Yang Yi turned the page to the Serpent section. "We can't raid the Inner Garden yet. We need an army to cause a distraction. And Block 9 is full of desperate people looking for a leader."
"They're looking for a meal, Yang."
"Same thing."
Yang Yi closed his eyes, but his mind stayed awake, cycling through the pain in his bones, tempering it, owning it. The wolf wanted to howl. The rat wanted to hide.
The dragon waited.
Dawn bled over the horizon, turning the smog above the Outer Sect a bruised purple.
Yang Yi kicked the shed door open. He stepped out onto the roof tiles. His legs felt stiff, heavy, but unstoppable. Every step was a pile driver.

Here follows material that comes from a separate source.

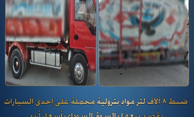 استمرارًا لجهود وزارة الداخلية في مكافحة جرائم الاستيلاء على الدعم والاتجار غير المشروع في المواد البترولية، تمكنت الإدارة العامة لشرطة التموين والتجارة الداخلية بقطاع الأمن الاقتصادي من ضبط سيارة محمّلة بـ 8 آلاف لتر من المواد البترولية (سولار)، بقصد بيعها في السوق السوداء بأسعار تزيد عن السعر الرسمي، وذلك بدائرة مركز شرطة أبنوب بمحافظة أسيوط.

They descended the drainpipe, slipping back into the shadows of the alleyways before the morning shift whistle blew.
Block 9 was waking up. The same misery, the same coughs, the same smell of despair.
They reached their hut. The door was still propped up by the rock.
Inside, it was empty. The squatters hadn't returned.
Yang Yi walked to the center of the room. He looked at the cracked floor.
"We need a sign."
He walked back outside.
A group of disciples huddled around a fire barrel nearby, cooking a rat. They looked up, eyeing Lin's clean robes and the pouches at Yang Yi's waist.
One of them stood up. A lanky man with a scar across his nose. He held a sharpened screwdriver.
"You made a mess yesterday, new guy. Iron Hand Zhang is looking for you. He's bringing the Centipedes."
Yang Yi didn't back down. He walked toward the fire.
"Let him come."
He stopped in front of the lanky man. He reached into his sash and pulled out the empty jar of the Bone-Hardening Paste.
He tossed it into the fire.
The remnants of the paste flared green. The fire barrel hissed, the metal warping and turning brittle under the sudden alchemical reaction.
"Tell Zhang I'm not hard to find."
Yang Yi looked around the circle of scavengers.
"I'm hiring. Ten contribution points a day. Or food."
The lanky man laughed, though his eyes darted to the warping metal of the barrel. "You? You're a dead man walking. Zhang runs this block."
"Zhang rents this block," Yang Yi corrected. "I'm looking to buy."
He turned and walked back to his hut.
"Lin, prepare the healing salve. We're going to have patients soon."
"Patients?"
"The ones who survive the interview."
Yang Yi sat in the doorway, his iron-hard forearms resting on his knees. He waited. The Centipedes were coming. And he needed to test his new bones.